Here's how to interpret the provided document in the context of your questions:

• Acceptance Criteria and Reported Device Performance: This document does not describe performance criteria or reported performance results in the way a diagnostic device would (e.g., sensitivity, specificity thresholds). For an internal fixation device like this, acceptance is based on demonstrating substantial equivalence to legally marketed predicate devices regarding intended use, materials, and function. This is typically supported by engineering testing (e.g., mechanical strength, fatigue testing, biocompatibility) rather than clinical performance metrics in humans. These engineering tests would have their own internal acceptance criteria, but they are not detailed in this 510(k) summary.

• Study Proving Device Meets Acceptance Criteria: The "study" here is the 510(k) submission itself, where the manufacturer provides information and data to demonstrate substantial equivalence to predicate devices. This involves comparing the technological characteristics of the new device to existing, legally marketed devices.

Let's address the specific points you requested, noting where information is not applicable or provided:

1. A table of acceptance criteria and the reported device performance:

   • Acceptance Criteria: Not explicitly stated as pass/fail thresholds for clinical performance metrics in this summary. The overarching acceptance criterion for the 510(k) process is "substantial equivalence" to predicate devices in intended use, materials, and function.
   • Reported Device Performance: Not reported in clinical performance terms. The document asserts that "There are no significant differences between the EBI® OptiLock Upper Extremity Plating System and other currently marketed internal fixation systems. It is substantially equivalent to the predicate devices in regard to intended use, materials, and function." This implies that the device performs equivalently to the predicates, based on engineering data, but no specific performance numbers are given.
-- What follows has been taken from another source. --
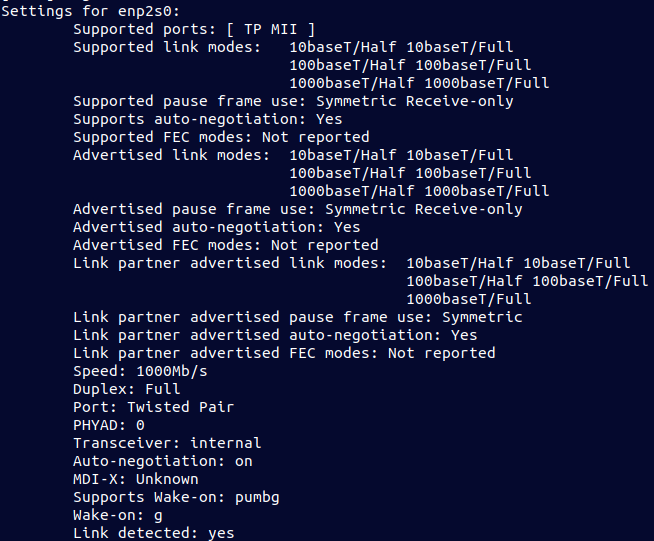 sudo ethtool 너의네트워크이름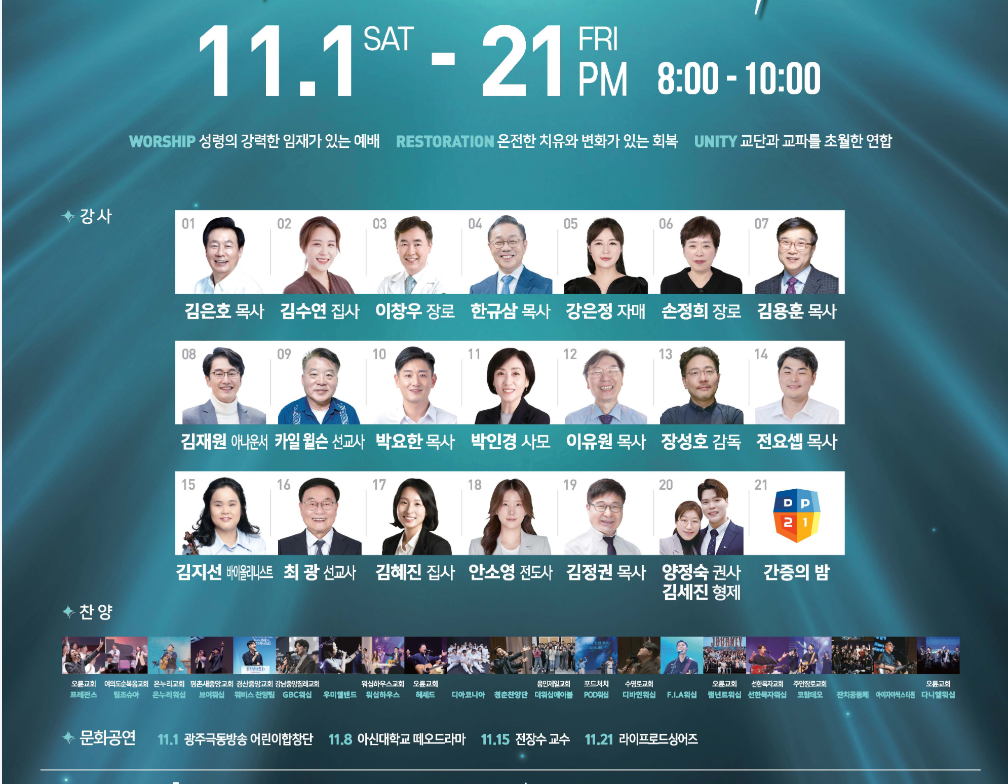 올해 강사진은 목회자, 선교사, 평신도 사역자, 방송인 등 다양한 영역에서 활동 중인 21인의 강사로 구성되어 있어, 더욱 풍성하고 균형 잡힌 영적 메시지를 제공합니다.

2. Sample size used for the test set and the data provenance (e.g., country of origin of the data, retrospective or prospective): Not applicable. This submission does not involve clinical "test sets" in the context of diagnostic performance evaluation.

3. Number of experts used to establish the ground truth for the test set and the qualifications of those experts (e.g., radiologist with 10 years of experience): Not applicable. Ground truth for diagnostic performance is not relevant here.

4. Adjudication method (e.g., 2+1, 3+1, none) for the test set: Not applicable.

5. If a multi-reader multi-case (MRMC) comparative effectiveness study was done, If so, what was the effect size of how much human readers improve with AI vs without AI assistance: Not applicable. This is not an AI-assisted diagnostic device.

6. If a standalone (i.e. algorithm only without human-in-the-loop performance) was done: Not applicable.

7. The type of ground truth used (expert consensus, pathology, outcomes data, etc.): The "ground truth" for this type of device lies in established engineering standards (e.g., ASTM standards for materials) and the performance characteristics of the predicate devices. The claim of substantial equivalence is the cornerstone, supported by comparison of design, materials, and intended use.

8. The sample size for the training set: Not applicable. This is not an AI/ML device that requires training data.

9. How the ground truth for the training set was established: Not applicable.

In summary: The K0624994 submission for the EBI® OptiLock Upper Extremity Plating System is a product of traditional medical device regulation focused on mechanical and material equivalence to existing devices, not on the performance criteria or study methodologies typically associated with diagnostic AI/ML products.